De um valor de mercado que chegou a somar quase R$ 100 bilhões em 2010, Ogpar (ex-OGX), OSX, MPX (atual Eneva), MMX, Prumo (ex-LLX) e CCX valiam, juntas, no final de 2014 pouco mais de R$ 2,5 bilhões.

Eike permanece como acionista nas 6 empresas, em alguns casos ainda como controlador. Mas como as empresas estão em processo de renegociação de dívidas com credores ou em reestruturação, sua fatia nas companhias deverá ser reduzida a uma participação mínima.

Dos outros negócios criados por Eike, vários foram desfeitos totalmente para pagar dívidas do grupo e outros simplesmente deixaram de existir.

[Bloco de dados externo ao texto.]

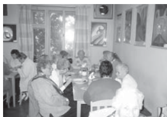
Posezení v místní restauraci U Holečků.
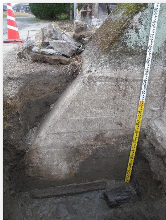
大浜飛行場（大型格納庫）跡の基礎調査

Confira a seguir a situação de cada uma das empresas que formavam o império X e a fatia que Eike ainda detém de cada uma delas:

Ogpar (ex-OGX), óleo e gás
Em recuperação judicial
Participação de Eike: 14%
Dívida estimada: R$ 11,2 bilhões
Situação: operante, mas foi obrigada a devolver 8 blocos exploratórios à União

OSX, indústria naval
Em recuperação judicial
Participação de Eike: 66,02%
Dívida estimada: R$ 5 bilhões
Situação: Navios-plataforma foram apreendidos para pagamento de credores

Eneva (ex-MPX), energia
Pediu recuperação judicial em dezembro de 2014
Participação de Eike: 20%
Dívida estimada: R$ 2,33 bilhões
Situação: Controle foi vendido ao grupo alemão E.ON)

MMX, mineração – 57,42%
Em recuperação judicial
Participação de Eike: 57,42%
Dívida estimada: mais de R$ 400 milhões
Situação: 65% do Porto Sudeste (principal ativo da empresa) foi vendido para as companhias Impala e Mubadala

Prumo (ex-LLX), logística portuária – 10,44%
Participação de Eike: 10,44%
Dívida estimada: R$ 2,52 bilhões
Situação: Responsável pela construção do Porto do Açu (RJ). Controle da empresa foi adquirido pelo grupo norte-americano EIG

CCX - mineração de carvão na Colômbia
Empresa em fase pré-operacional, sem receitas
Participação de Eike: 61,66%
Situação: Eike fechou acordo de venda dos principais ativos à turca Yildirim por US$ 125 milhões, mas operação ainda não foi concluída

Rex, imóveis
Participação de Eike: não informada
Situação: Hotel Glória foi vendido ao grupo suíço Acron por cerca de R$ 260 milhões, mas Eike fechou um outro acordo para participar do desenvolvimento do empreendimento.

Mr Lam, restaurante
Parceria de Eike com Mr.Lam
Continua em funcionamento

IMX, entretenimento
Participação de Eike: 0%
Fatia de Eike na empresa foi adquirida pelo fundo Mubadala, de Abu Dhabi

Aux, ouro
Participação de Eike: 0%
Mineradora foi vendida ao fundo Mubadala, de Abu Dhabi, por cerca de US$ 400 milhões

SIX, tecnologia
Participação de Eike: 0%
Eike vendeu a fatia de 33% que tinha na fábrica de chips ao grupo argentino Corporación América por valor não informado

Marina da Glória
Participação de Eike: 0%
Concessão do porto privado foi vendida à BR Marinas

RJX, esporte
Participação de Eike: 0%
Contrato de patrocínio de time de voleibol masculino foi rompido. Com a saída do grupo de Eike, equipe campeã da Superliga passou a chamar apenas RJ.

Pink Fleet - fora de operação
Iate teria sido desmanchado e vendido como sucata

NRX Newrest - sem informações
Parceria com o Grupo Newrest para atuação no mercado de catering não saiu do papel.